Task description =
Retype the data below verbatim; pictures do not belong in the copy.

Dataset section =

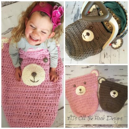 This is a PDF crochet pattern for a snugly Teddy Bear car seat cozy! This cozy is designed to either wrap under the bottom of car seat or stay inside the car seat with babies feet tucked inside the bottom pouch. The pouch will not interfere with car seat buckles! I’ve also included a larger size for bigger car seats. It’s the perfect cozy for your little ones to snuggle up with in the car. They will love the feel of Bernat Baby Blanket yarn and it washes up great too! Like my other blankets I’ve designed this pattern to work up quick! I’ve used a 16mm (Q) hook and a 9mm (M) hook. This is a fun unique blanket that makes the perfect shower gift!
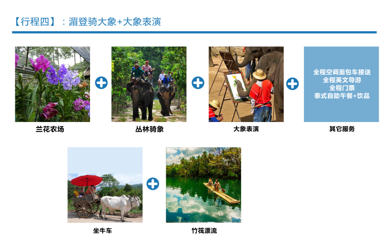 【费用包括】:1. 全程空调面包车接送;2. 泰式自助午餐+饮料;3. 全程英文导游;4. 全程门票;5. 娱乐项目:兰花农场、骑大象、大象表演、坐牛车、竹筏漂流,或 加长颈族门票。
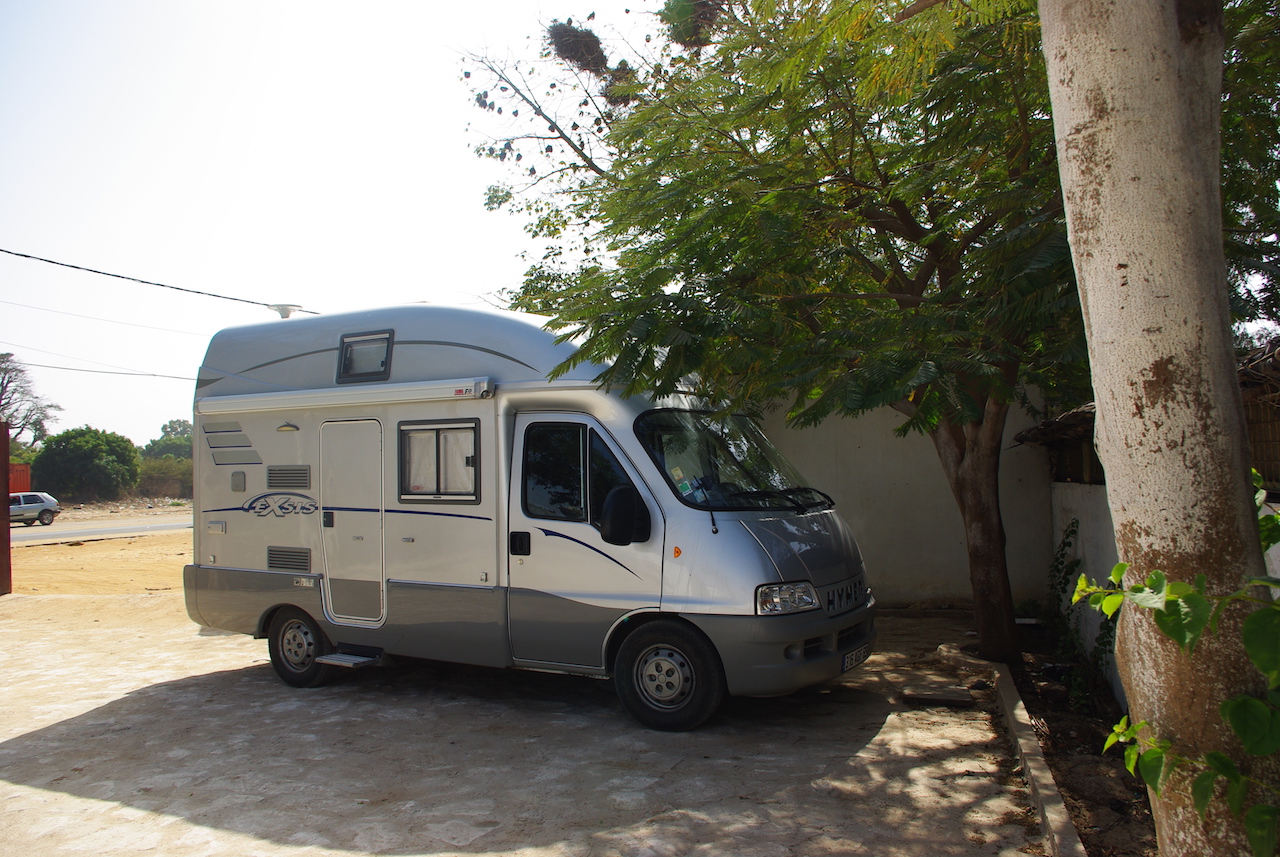 Nous décidons de stopper dans une auberge camping à Rusfique. Hélas, plus de possibilité de camper. La patronne nous envoie vers un camping à Mbao…Que nous ne trouverons jamais. De guerre lasse, nous cherchons des infos sur une hypothétique halte gardée vers Dakar. Le directeur d’un complexe touristique accepte de nous garder 2 nuits sur son parking clos contre 3000FCFA (4,60€) la nuit. Il nous propose même un taxi pour demain.

Response =
 This is a PDF crochet pattern for a snugly Teddy Bear car seat cozy! This cozy is designed to either wrap under the bottom of car seat or stay inside the car seat with babies feet tucked inside the bottom pouch. The pouch will not interfere with car seat buckles! I’ve also included a larger size for bigger car seats. It’s the perfect cozy for your little ones to snuggle up with in the car. They will love the feel of Bernat Baby Blanket yarn and it washes up great too! Like my other blankets I’ve designed this pattern to work up quick! I’ve used a 16mm (Q) hook and a 9mm (M) hook. This is a fun unique blanket that makes the perfect shower gift!
 【费用包括】:1. 全程空调面包车接送;2. 泰式自助午餐+饮料;3. 全程英文导游;4. 全程门票;5. 娱乐项目:兰花农场、骑大象、大象表演、坐牛车、竹筏漂流,或 加长颈族门票。
 Nous décidons de stopper dans une auberge camping à Rusfique. Hélas, plus de possibilité de camper. La patronne nous envoie vers un camping à Mbao…Que nous ne trouverons jamais. De guerre lasse, nous cherchons des infos sur une hypothétique halte gardée vers Dakar. Le directeur d’un complexe touristique accepte de nous garder 2 nuits sur son parking clos contre 3000FCFA (4,60€) la nuit. Il nous propose même un taxi pour demain.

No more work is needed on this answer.